Review
Repair, C.K.Williams, Bloodaxe £7.95
C.K.Williams has an enviable reputation and it’s not hard to understand why. His poems, often though not always long-lined, poke and prod at their subjects and though they seem to start in the most ordinary ways they usually end by raising questions about human behaviour. After Auschwitz is almost mundane when it begins:
We’d wanted to make France
but by dusk we knew we wouldn’t,
in a Bavarian town
just off the autobahn,
we found a room, checked in,
and went to look around.
But by the end it has built up into a passionate debate about how the routines of everyday life can co-exist with memories of what happened at Auschwitz. But they do, of course, and the poet has to struggle to make sense of it all.

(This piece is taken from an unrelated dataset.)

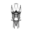 Silná, odvážná a neodolatelně smyslná – sada, která roznítí fantazii. Korzet z lesklé látky a síťoviny krásně tvaruje siluetu, zatímco křížené pásky vpředu a vzadu zdůrazňují jeho svůdný charakter. Košíčky s kosticemi dodávají poprsí nádherný tvar a tanga bez rozkroku přidávají provokativní nádech. Kolekce Dominna spojuje moderní design s odvážnou pikantností.

Williams varies his subjects, just as he varies his lines, and he has a poem in which a lady, bending over a magazine table in a waiting-room, lets loose a little fart, which makes him think of his dog jumping when it’s startled by a car backfiring, which takes him back to a horse bucking and farting when it was mounted. And so on. There’s another, shorter-lined poem, which tells how the poet’s grandmother washed his mouth out with soap when he used a word she didn’t like. I found this particular poem one of the most satisfying in the book, and it started a slight nagging in my mind about how and why Williams uses long lines in many of his poems. I began to wonder if they were really necessary and whether or not the ideas expressed could just as easily have been dealt with in a different way. Two of the longest poems, King and The Poet, though both very readable, could have worked just as well as prose statements. But perhaps the line between poetry and prose is growing fainter all the time and it really doesn’t matter, provided there’s some rhythmic value in the words? And Williams does have rhythm. He’s a good poet to read and his poems say something worth listening to.